▸ Supplied information:
════════════════════
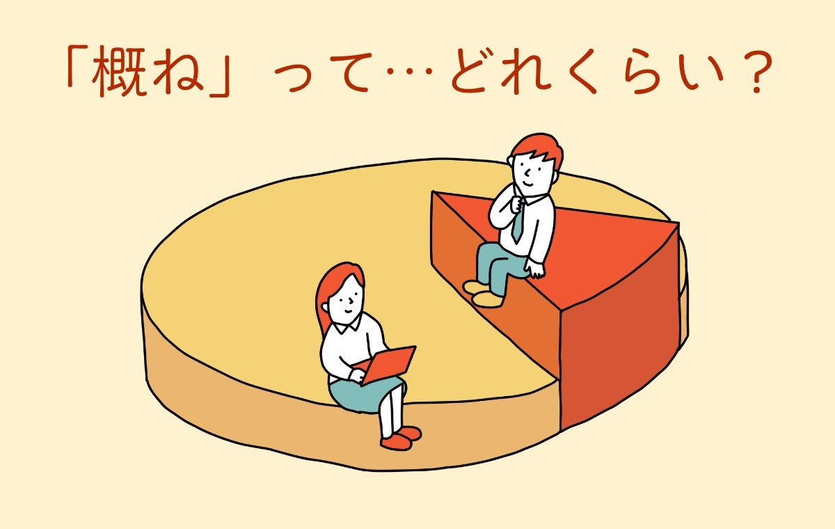 一般的に「概ね」が指すのは8~9割程度だとみなされることがありますが、正確な範囲は定まっていません。このことが原因で話し手と聞き手の認識にずれが起こる可能性もあり、トラブルにならないよう注意が必要な言葉だといえるでしょう。
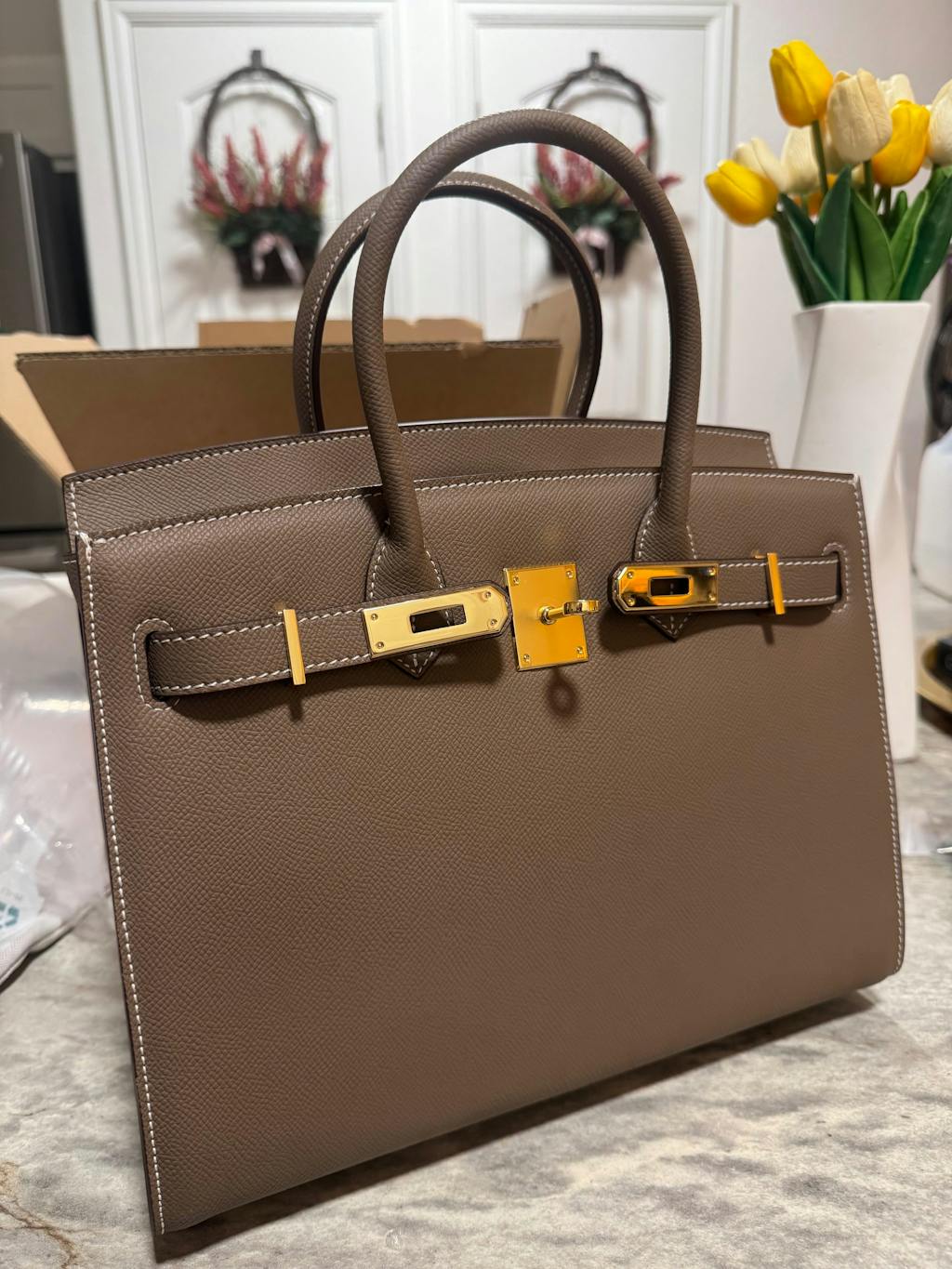I love my 25 Birkin bag. Bag came wrapped with extreme care, all accessories attached and in perfect condition. No odor and ready to use after unboxing. Bag is stiff and keeps shape perfectly. Exactly what I was looking for. Will be ordering again.
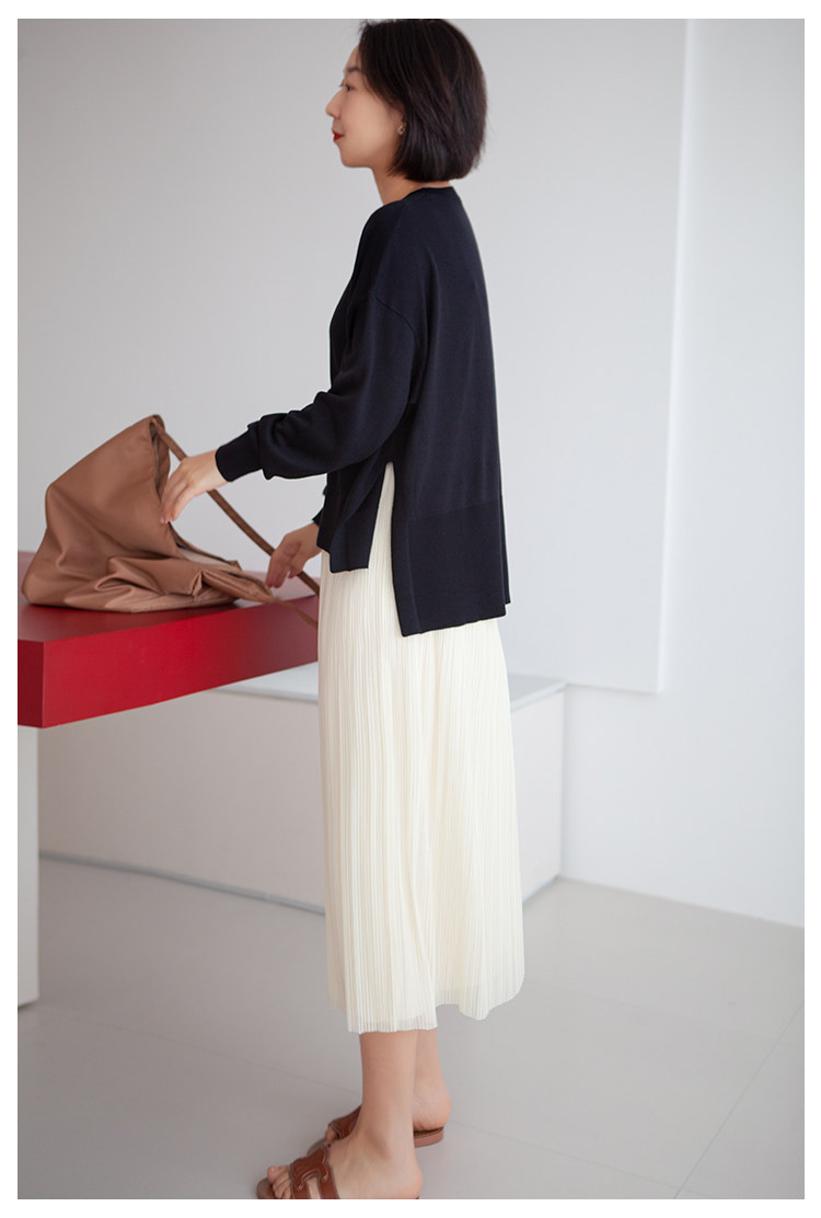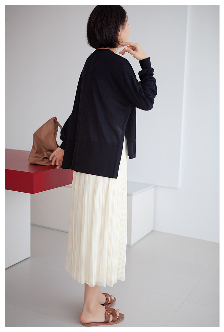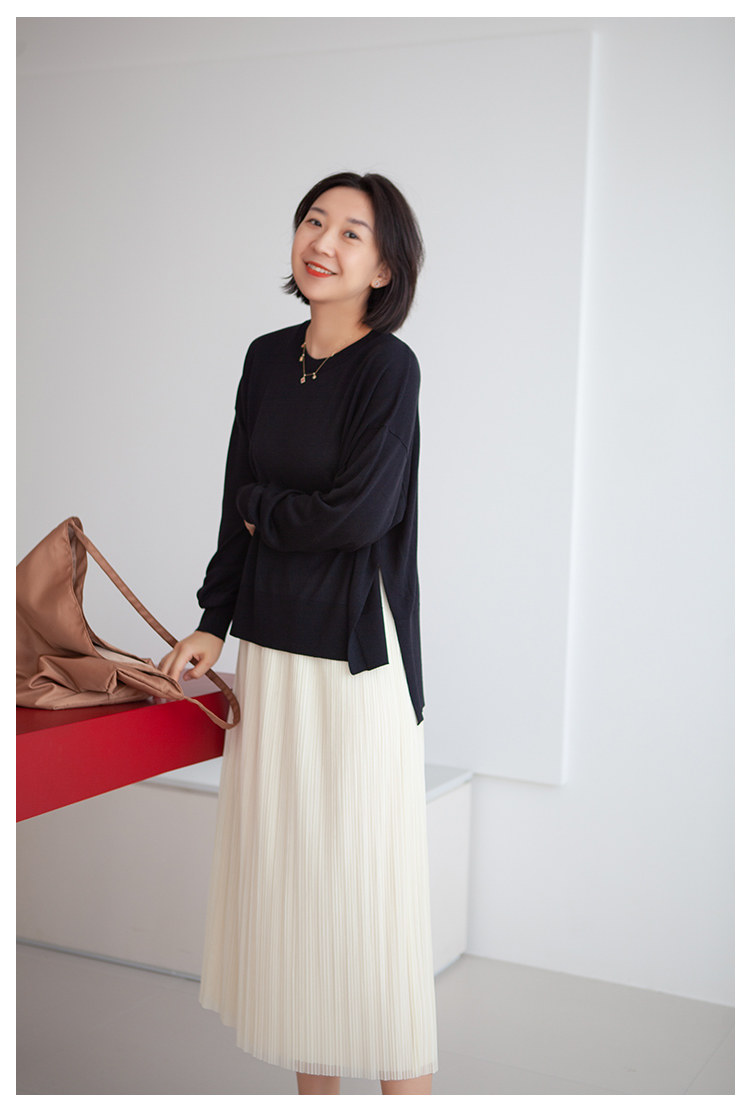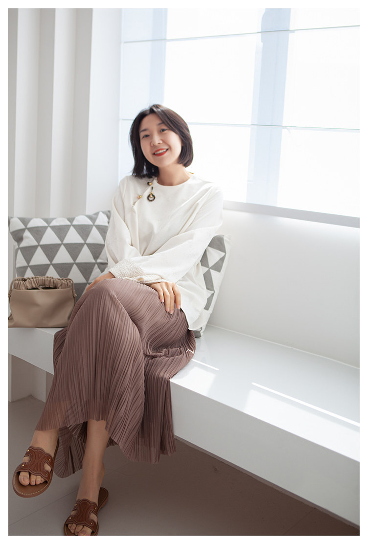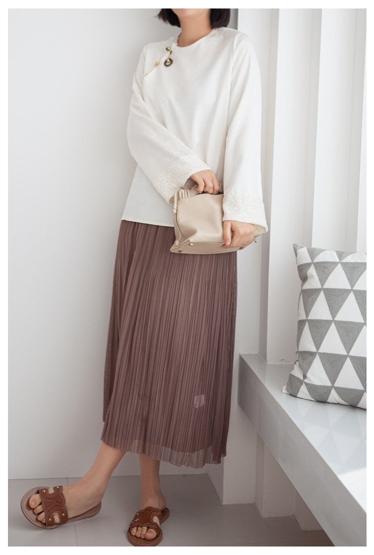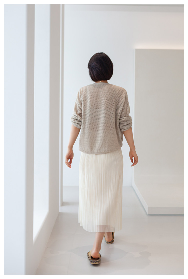三時光4008*垂感優雅風琴折!百褶裙雙層網紗半身裙女秋中長裙
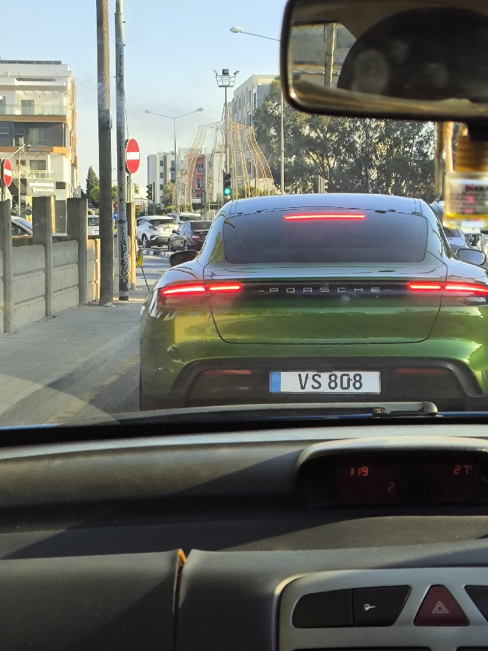 The image presents a forward-facing view from inside a stationary vehicle, capturing a street scene in Gonyeli, Northern Cyprus. In the immediate foreground, the observer's vehicle dashboard is visible, featuring a digital display showing "119" and "27" (likely time and temperature) and a hazard light button. A small, amber-colored hanging air freshener or charm dangles from the rearview mirror, which partially reflects an interior ceiling. The central subject is a metallic green, possibly chameleon-painted, Porsche Taycan sedan directly in front, displaying a Northern Cyprus license plate "VS 808". Its full-width rear LED taillight strip and lower brake lights are illuminated red, indicating it is stopped or braking. The word "PORSCHE" is emblazoned across its rear. To the left of the road, a sidewalk is bordered by low, grey concrete barriers. A utility pole stands on the sidewalk, bearing a red circular 'No Entry' sign, with another identical sign visible further down the street. Overhead wires are suspended from the poles. In the mid-ground, a green traffic light is illuminated for the observer's direction of travel. The background features multiple modern, multi-story buildings, typical of urban development, lining both sides of the street. A distinctive large, abstract, skeletal metal structure, resembling an archway or decorative installation, stands prominently at a distance, identifying the location as the **Gönyeli Roundabout (Gönyeli Çemberi)** in Gonyeli. Other vehicles, including a white SUV, are visible in the traffic lane ahead of the Porsche. The sky is clear and bright, consistent with daytime conditions.
════════════════════
▸ Assignment:
With the pictures omitted, the material is to be transcribed exactly.

▸ Solution for this task:
 一般的に「概ね」が指すのは8~9割程度だとみなされることがありますが、正確な範囲は定まっていません。このことが原因で話し手と聞き手の認識にずれが起こる可能性もあり、トラブルにならないよう注意が必要な言葉だといえるでしょう。
I love my 25 Birkin bag. Bag came wrapped with extreme care, all accessories attached and in perfect condition. No odor and ready to use after unboxing. Bag is stiff and keeps shape perfectly. Exactly what I was looking for. Will be ordering again.
三時光4008*垂感優雅風琴折!百褶裙雙層網紗半身裙女秋中長裙
 The image presents a forward-facing view from inside a stationary vehicle, capturing a street scene in Gonyeli, Northern Cyprus. In the immediate foreground, the observer's vehicle dashboard is visible, featuring a digital display showing "119" and "27" (likely time and temperature) and a hazard light button. A small, amber-colored hanging air freshener or charm dangles from the rearview mirror, which partially reflects an interior ceiling. The central subject is a metallic green, possibly chameleon-painted, Porsche Taycan sedan directly in front, displaying a Northern Cyprus license plate "VS 808". Its full-width rear LED taillight strip and lower brake lights are illuminated red, indicating it is stopped or braking. The word "PORSCHE" is emblazoned across its rear. To the left of the road, a sidewalk is bordered by low, grey concrete barriers. A utility pole stands on the sidewalk, bearing a red circular 'No Entry' sign, with another identical sign visible further down the street. Overhead wires are suspended from the poles. In the mid-ground, a green traffic light is illuminated for the observer's direction of travel. The background features multiple modern, multi-story buildings, typical of urban development, lining both sides of the street. A distinctive large, abstract, skeletal metal structure, resembling an archway or decorative installation, stands prominently at a distance, identifying the location as the **Gönyeli Roundabout (Gönyeli Çemberi)** in Gonyeli. Other vehicles, including a white SUV, are visible in the traffic lane ahead of the Porsche. The sky is clear and bright, consistent with daytime conditions.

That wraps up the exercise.